Functional diversity arises from the existence of two structurally
related but nonidentical receptors for each hormone and by the ability
of a single receptor subtype to elicit diverse transcriptional
responses to a specific ligand. Molecular dissection of the structural
and functional relationships of steroid receptors and of the mechanisms
by which they interact with ligand, DNA, and the transcriptional
apparatus has provided valuable information on the molecular pathways
by which steroid receptors can generate functionally diverse
transcriptional responses to their cognate steroid ligand. Steroid
receptors including those for estrogen and progesterone have a modular
protein structure consisting of distinct functional domains capable of
binding steroidal ligand, dimerization of liganded receptors,
interaction with hormone-responsive DNA elements, and interaction with
coregulator proteins required for bridging receptors to the
transcriptional apparatus (8, 9).

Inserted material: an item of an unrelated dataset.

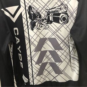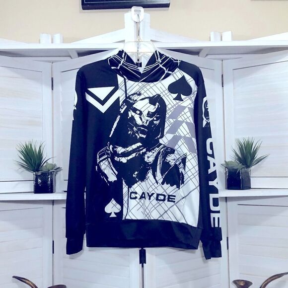 Cayde Marvel dark character skull black and white long-sleeve hoodie, size small, for Halloween cosplay.

Binding of estrogen and
progestin agonists to their receptors induces conformational changes in
receptor structure that promote interaction of coactivator proteins
with distinct activation domains (AFs) located within both the amino
and carboxy terminal regions of the receptor. Such coactivators promote
chromatin remodeling and bridging with general transcription factors
resulting in the formation of productive transcription initiation
complexes at the receptor responsive promoter. In contrast, binding of
receptor antagonist compounds induces receptor conformational changes
that render AFs nonpermissive to coactivator binding and instead
promote interaction with corepressor proteins that inhibit
transcriptional activity of the receptor. The ability of steroid
receptors to interact with a variety of coactivator and corepressor
proteins, together with the differing spatiotemporal expression of
coregulators, illustrate a key role of coregulators in mediating
different tissue specific responses to steroidal ligand. Finally,
receptors for estrogen and progesterone can be activated in the absence
of steroidal ligand by phosphorylation pathways that modulate their
interactions with coregulator proteins.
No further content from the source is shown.